Hazelcast’s ancillary Jet offering is a stream processing framework built on the foundation of IMDG. Concretely, it’s a fully app-embeddable and distributed computing solution for big data set processing. Jet’s parallel streaming core engine lets data-intensive programs operate at near real-time speed, Hazelcast claims, and provides stream, batch, and RPC processing tools, along with a range of connectors to enable integration with data processing pipelines.
There’s also Hazelcast Cloud, a fully managed service that orchestrates, scales, and updates IMDG clusters. It’s supported on multi-region public clouds like Amazon Web Services, Microsoft’s Azure, Cloud Foundary, OpenShift, and Google Cloud Platform and on-premises and hybrid clouds (plus Docker containers). And it includes a minimum of 200MB of memory and a production environment that plays nicely with programming languages that include Java, Node.js, Python. Go, .NET, Scala, Goland, Colojure, and C++. Notably, it ships with a custom cloud service provider interface, enabling nodes to discover each other automatically.
No matter the product, it’s all orchestrated from within Hazelcast’s Management Center, a web-based user interface that provides an overview of cluster activity and configurable watermarks for alerts.
“Due to the transformative nature of edge computing and machine learning, new in-memory technologies are required, and Hazelcast has a clear and compelling vision that [can be] applied to any enterprise that seeks to retain or advance its leadership,” said EBRD venture capital investment program principal Zoltan Hopka. “Hazelcast and its unified cloud-to-edge platform present powerful development opportunities on a global scale, which is in line with the type of venture opportunities EBRD seeks to support.”

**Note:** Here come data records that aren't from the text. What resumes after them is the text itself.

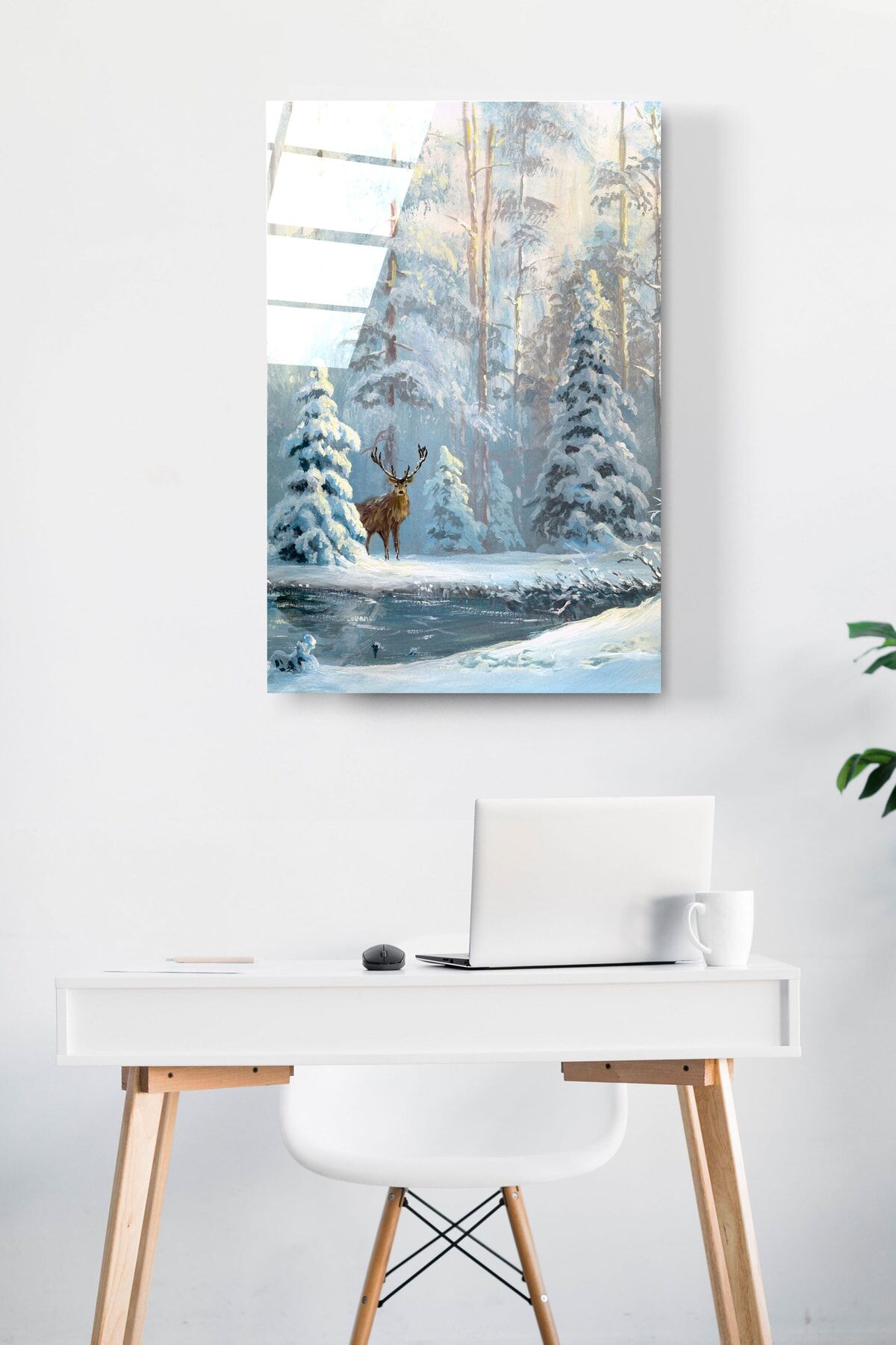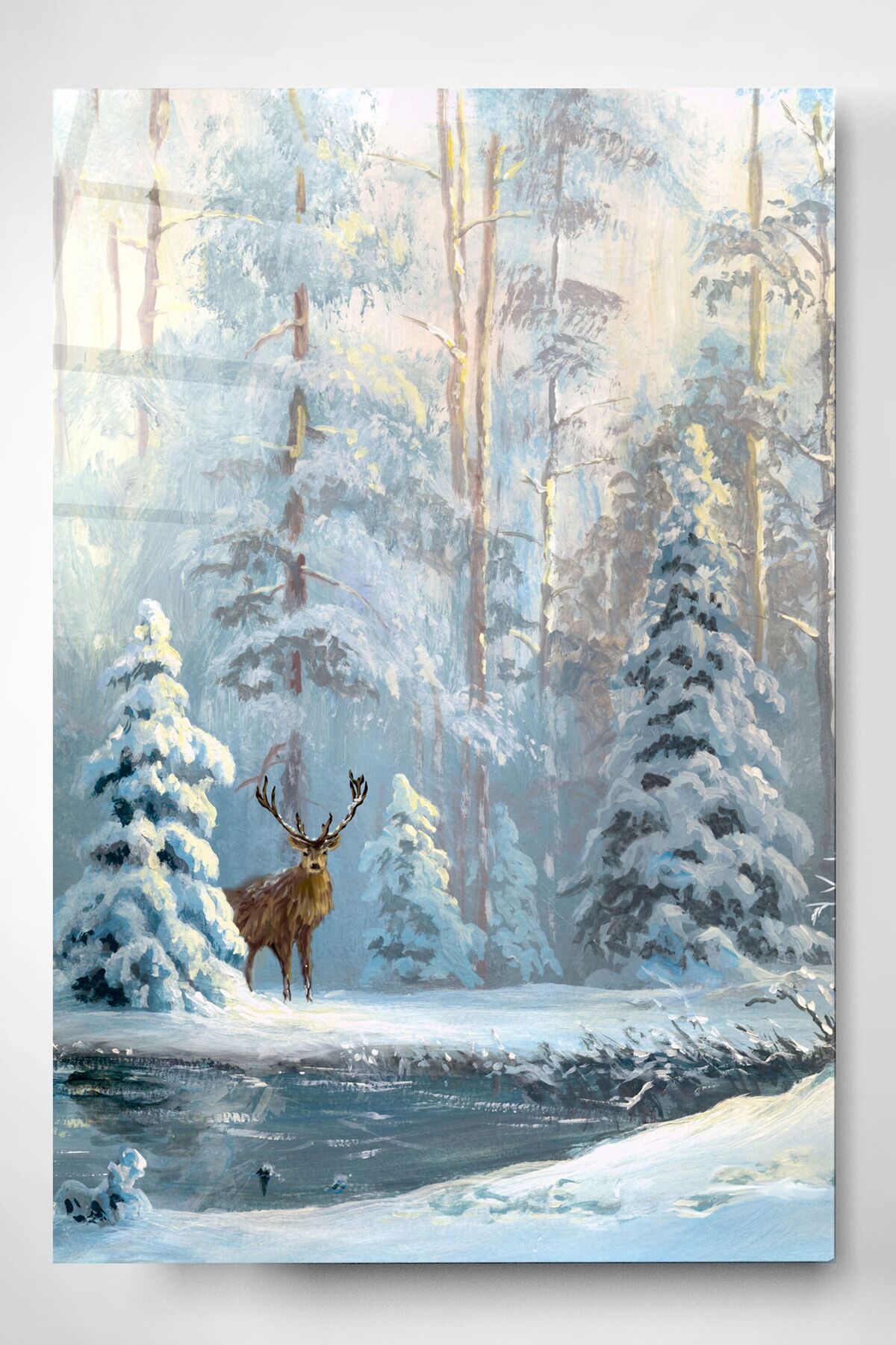 Kar Manzaralı Geyik Cam Tablo, Dekoratif Cam Tablo
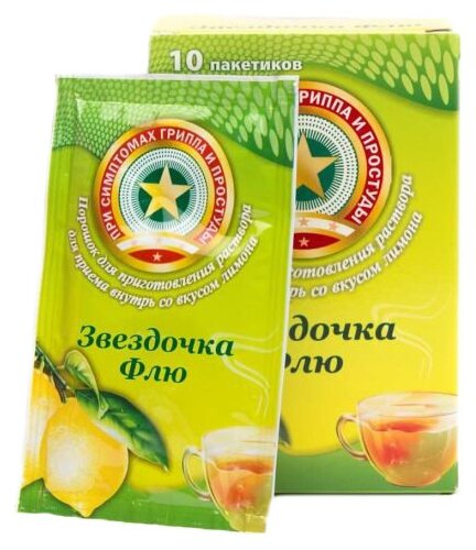 Ниже Вы можете прочитать отзывы на Звездочка Флю пор. д/приг. р-ра д/вн. приема пак., 325 мг + 20 мг + 10 мг + 50 мг, 15 г, 10 шт., лимон, ознакомится с подробными характеристиками, посмотреть интересные обзоры и фотографии на Звездочка Флю пор. д/приг. р-ра д/вн. приема пак., 325 мг + 20 мг + 10 мг + 50 мг, 15 г, 10 шт., лимон.
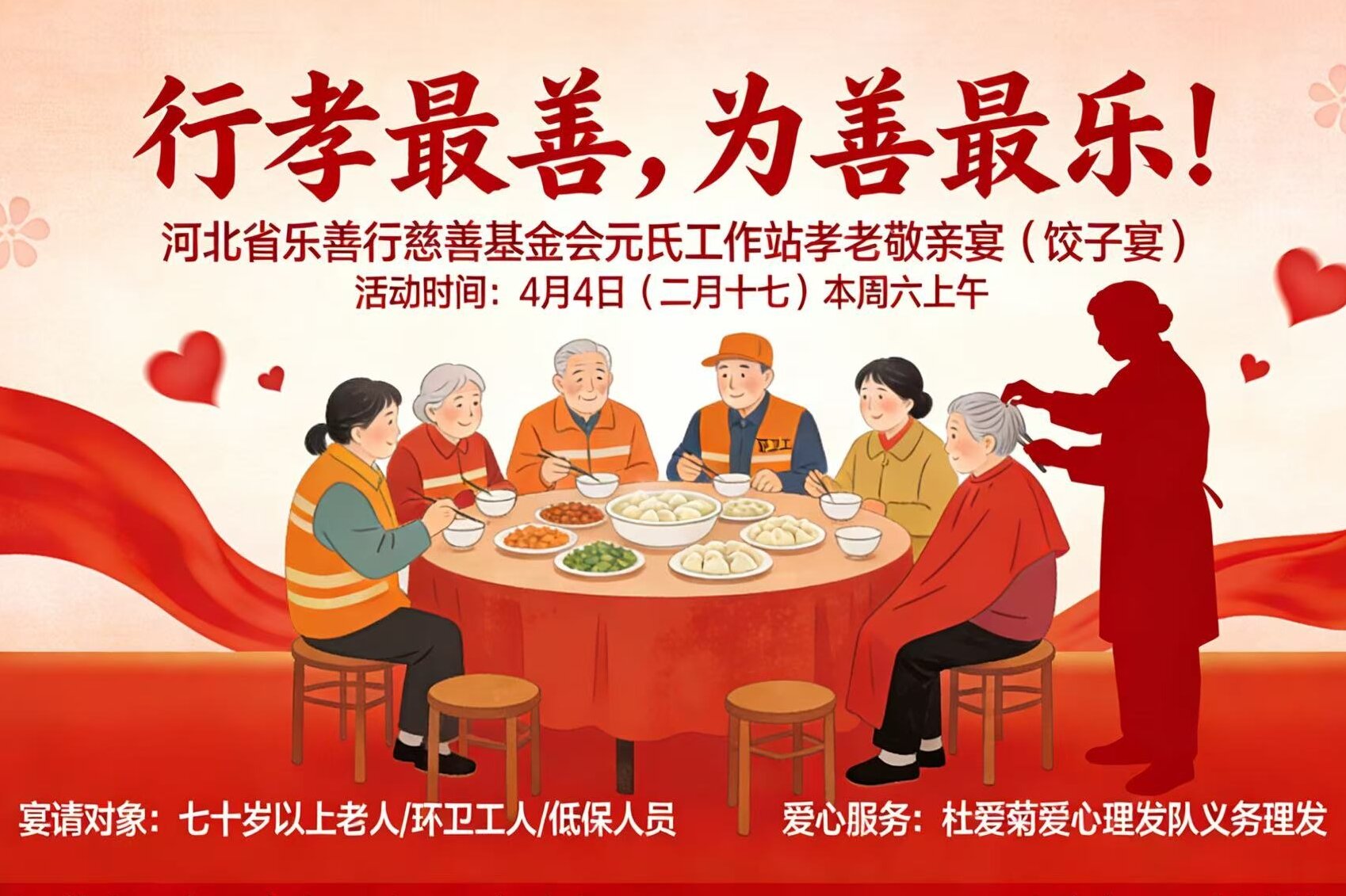 2026年4月4日(农历二月十七)上午,河北省乐善行慈善基金会元氏工作站携手元氏县孟村爱心人士李雪霞,于孟村学校举办孝老敬亲饺子宴活动,宴请七十岁以上老人,环卫工人及低保人员。让袅袅饺香弥漫村落,让浓浓孝爱温暖每一位老人,用最质朴的烟火气,书写最动人的公益篇章。
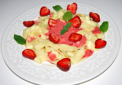 Ja też dzisiaj poszłam na łatwiznę i zrobiłam makaron z sosem truskawkowym.
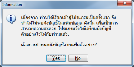 โดยปกติก่อนเรียกเข้าโปรแกรมครั้งแรก จะมีการถามว่าต้องการสร้างผังบัญชีอัตโนมัติ
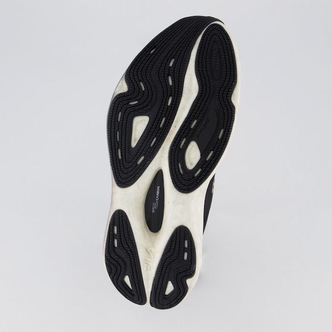 Tecnologias Ever-Grip: Composto de borracha que proporciona grip e tração superior em superfícies secas ou molhadas. Float+: Garante amortecimento e retorno de energia. Duo Mesh: Cabedal com alta respirabilidae e estrutura. Composição cabedal (parte superior): Material têxtil respirável Palmilha: Em EVA e removível; facilita na higienização Forro: Material têxtil com acolchoamento reforçado Solado: Borracha com função antiderrapante Entressola: EVA e placa com carbono Lingueta: Macia e flexível Cor predominante: Preta Indicado para: Corrida Gênero: Feminino Origem: Nacional Ajuste: Cadarço Peso aproximado: 540g o par nº 37
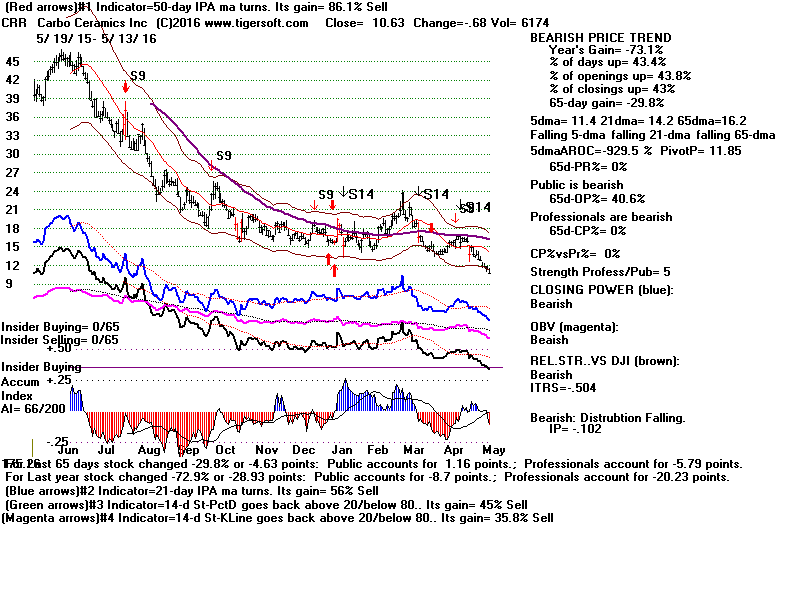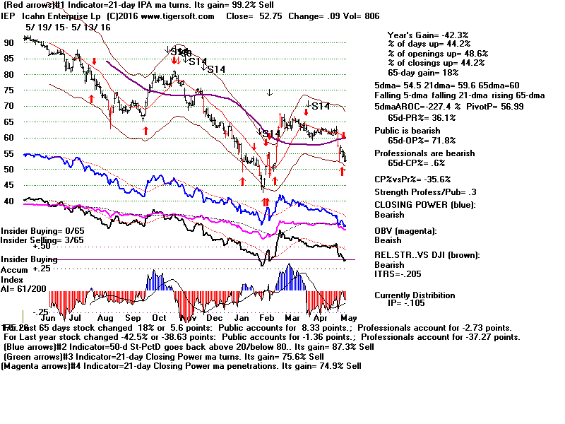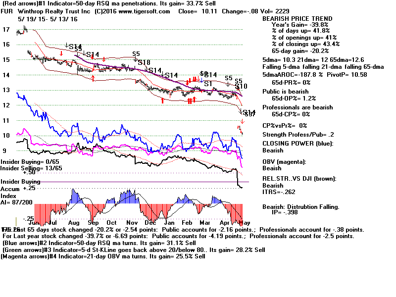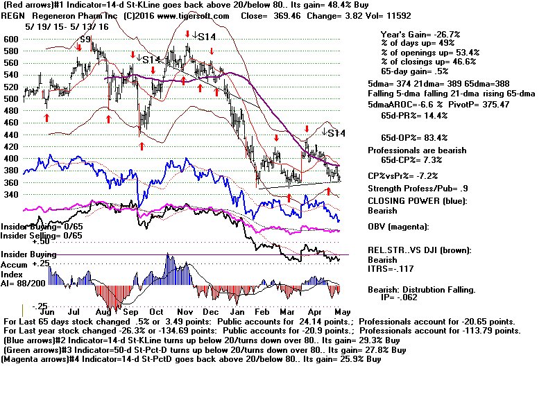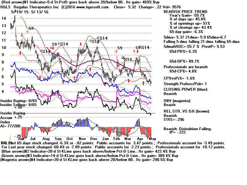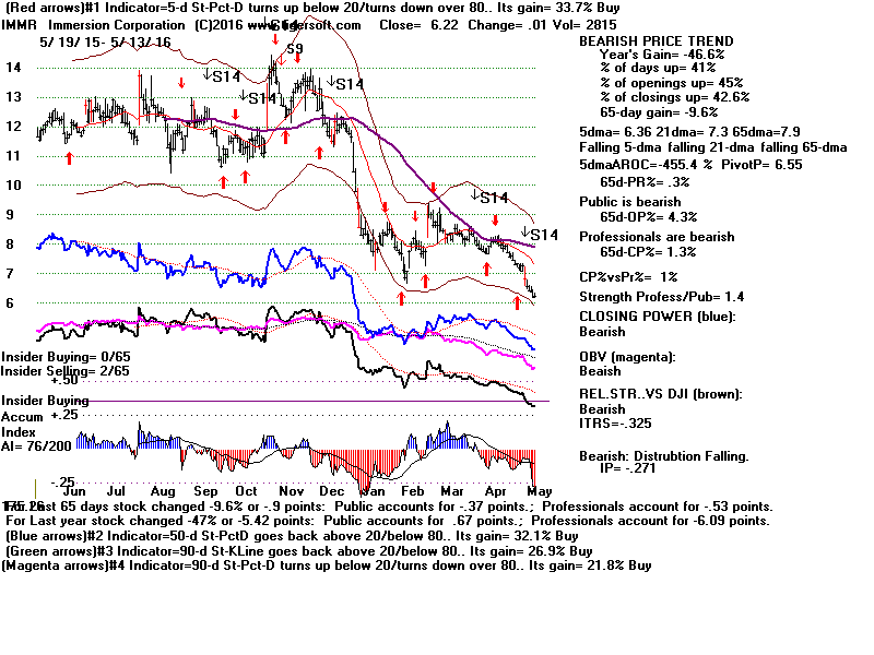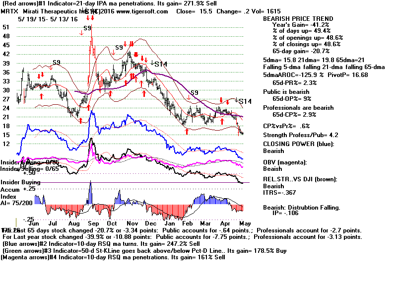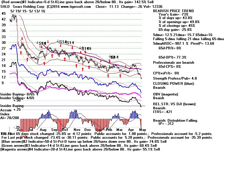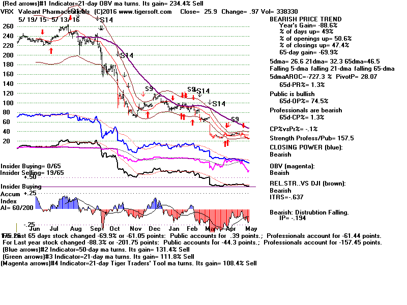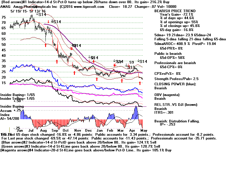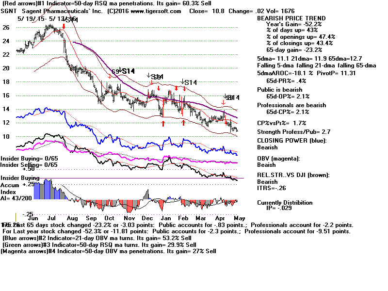 BEARISH MINCPs 5/13/2016 Notice how multiple S14s (dumping) and S9s (Big Money distribution on strength) let us focus on very weak stocks for shorting.

Hazelcast’s customers include 24 of the world’s largest banks, eight of the largest retailers, and six of the largest telecoms, including JPMorgan Chase, Charter Communications, Ellie Mae, UBS, and National Australia Bank. This assuredly represents a not-so-insubstantial chunk of change, given that the in-memory computing segment is anticipated to be worth $31.06 billion by 2026. Among Hazelcast’s sometime rivals are memory-centric distributed storage system startup Alluxio, as well as consolidated storage developer Igneous Systems, Kubernetes native storage and data management firm Reduxio, and content delivery services provider OnApp.